As for large-cap stocks, some streaming platform stocks are worth watching. A common feature among them is their stable active user base, low sensitivity to economic fluctuations, and strong operating cash flows. For example, $Netflix(NFLX.US)$ or $Spotify Technology(SPOT.US)$ can serve as examples. Investors may watch whether these stocks experience technical breakouts in the short term.
S&P 500 Index or Nasdaq 100 Index


Although the Federal Reserve has maintained a relatively hawkish stance on monetary policy, combined with the "Fed Put" perspective following the press conference after the interest rate meeting, the current outlook for U.S. stocks is cautiously optimistic. The slowdown in upward momentum is likely due to high valuations, but the overall uptrend and trajectory should remain intact. Additionally, both indices have issued bullish "golden cross" signals earlier. As long as no death crosses occur in the short term, there is justification to continue favoring an upward trend.
ETFs tracking these major indices are also a good choice for conservative investors, such as those tracking the S&P 500 Index $SPDR S&P 500 ETF(SPY.US)$ or $Vanguard S&P 500 ETF(VOO.US)$ and those tracking $NASDAQ 100 Index(.NDX.US)$ 's $Invesco QQQ Trust(QQQ.US)$ . Although the upward momentum will likely slow, considering that implied volatility remains at relatively low levels, investors can incorporate commonly used options strategies. For instance, using a covered call strategy with the aforementioned ETF investments—buying 100 shares and selling one call option—can generate additional income through premiums to enhance returns.

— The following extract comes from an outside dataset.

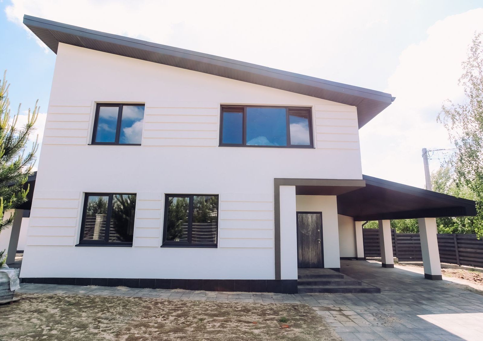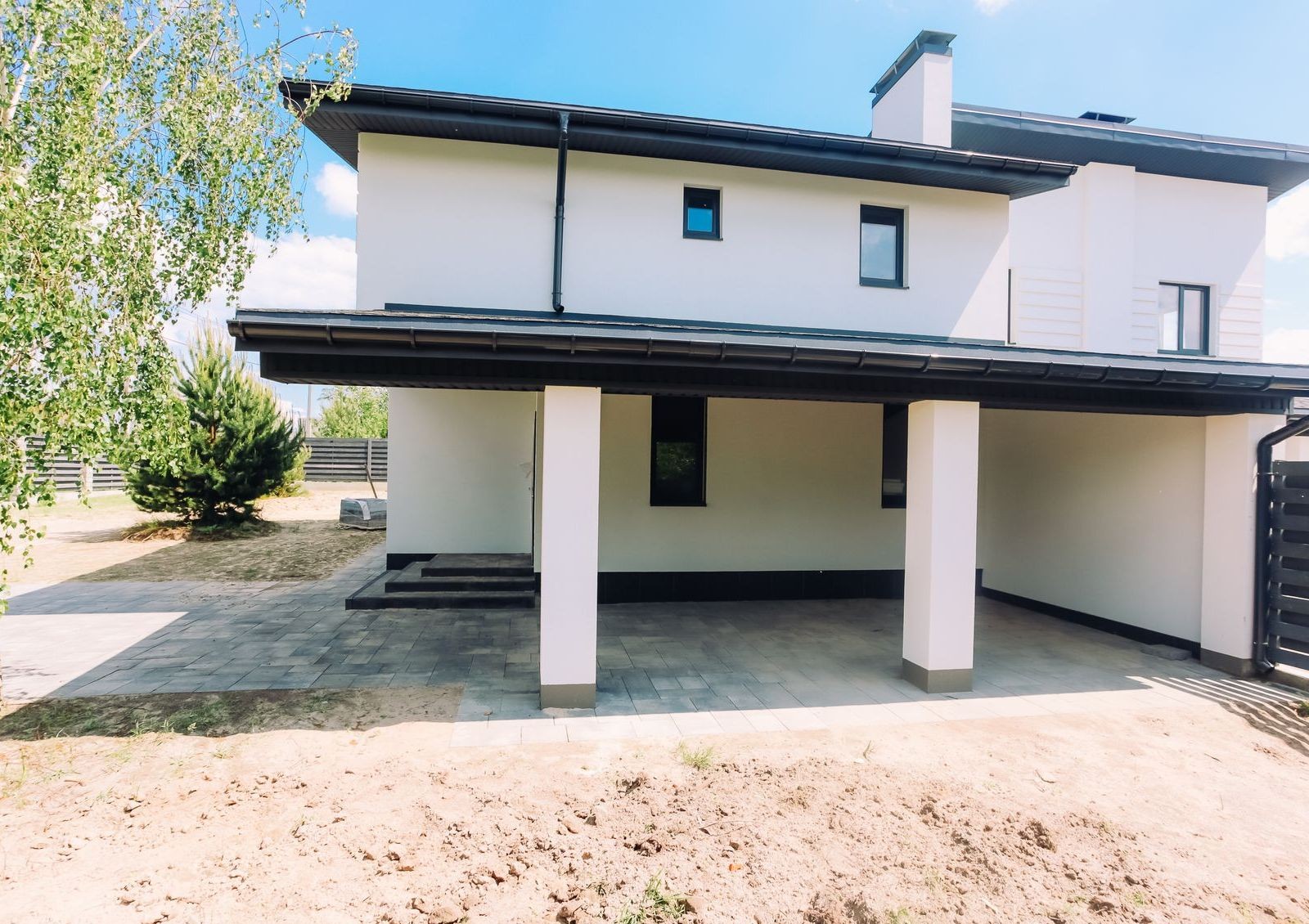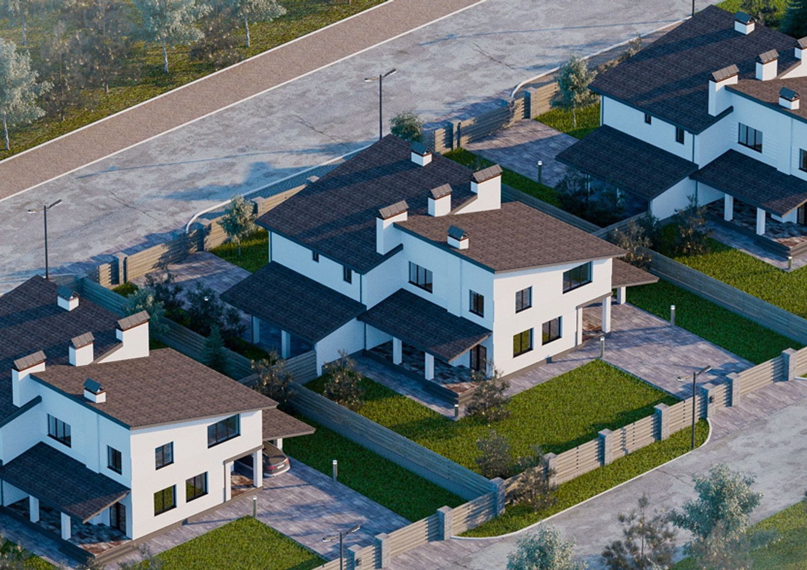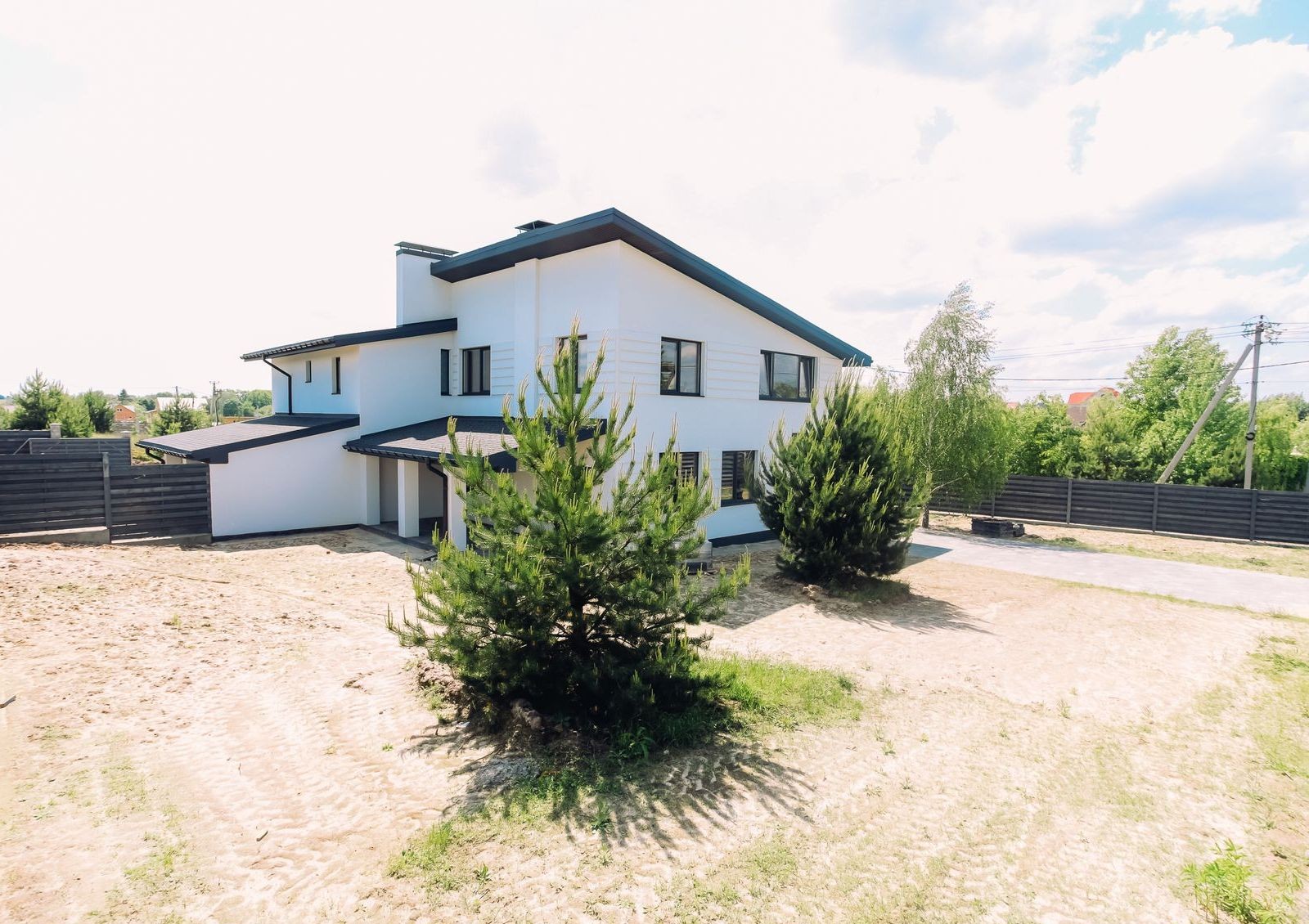 Дома продаются с земельными участками разной площади, на которых высажены молодые сосны.Для авто во дворе предусмотрено место для парковки с навесом.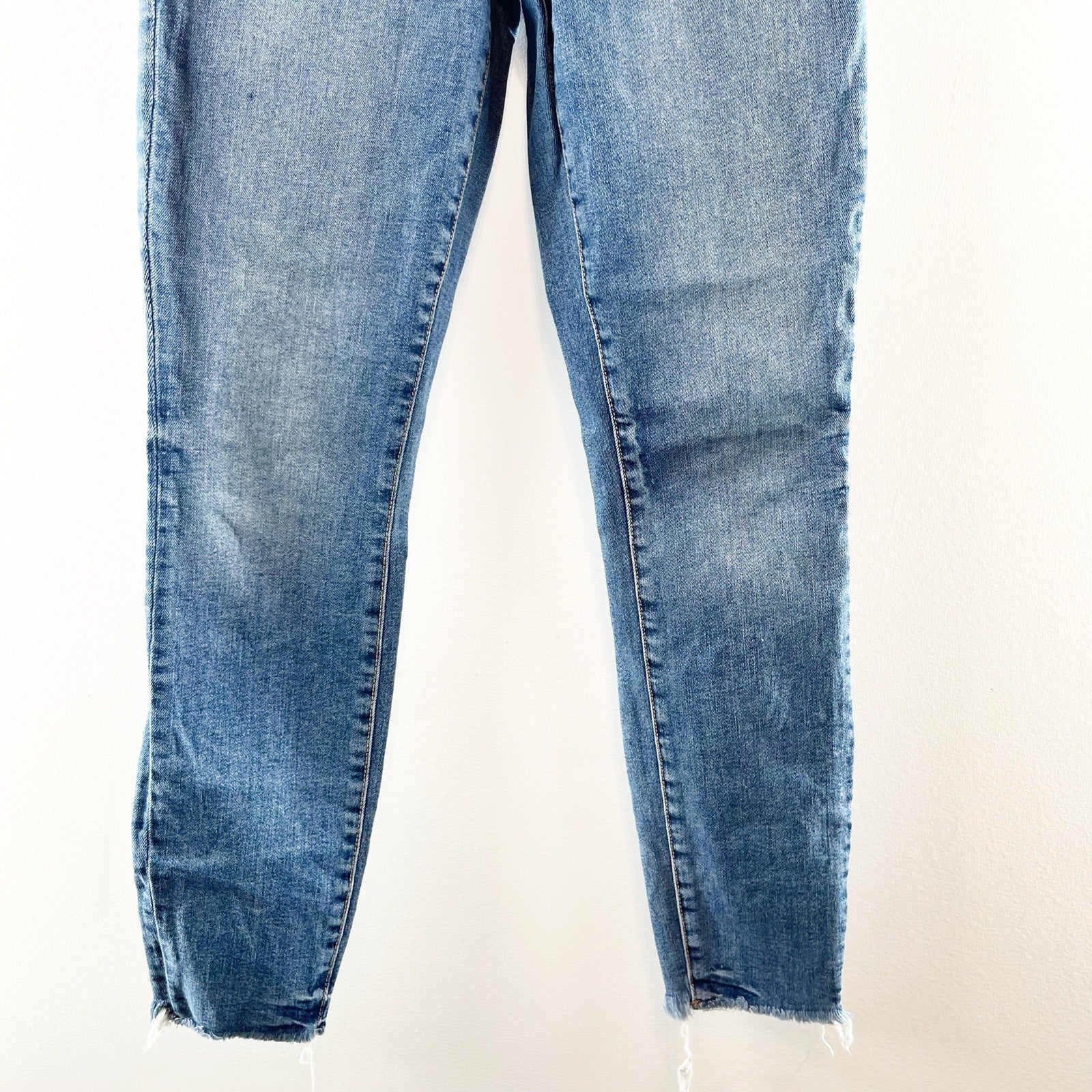 high waisted, stretch, cropped fit, skinny, raw hem, denim, jeans, medium wash

Furthermore, certain options strategies can be employed to generate income. To avoid the significant risks and high margin costs associated with selling options to collect premiums, investors may consider using Vertical Spread strategies. These involve selling spreads across different strike prices to generate income while mitigating potential substantial losses if the market moves against their position.
The Vertical Spread strategy involves simultaneously buying and selling options with the same expiration date but different strike prices, whether calls or puts. Investors must first determine the direction of the asset price movement before making a decision.
Bull Put Spread is a strategy used when the outlook is positive. By trading put options (Put), investors sell puts with higher strike prices and buy puts with lower strike prices, profiting from the difference between the two.
A strategy for bearish outlooks: Bear Call Spread. This involves trading call options by selling a call option with a higher strike price and buying a call option with a lower strike price, thereby capturing the difference in premiums.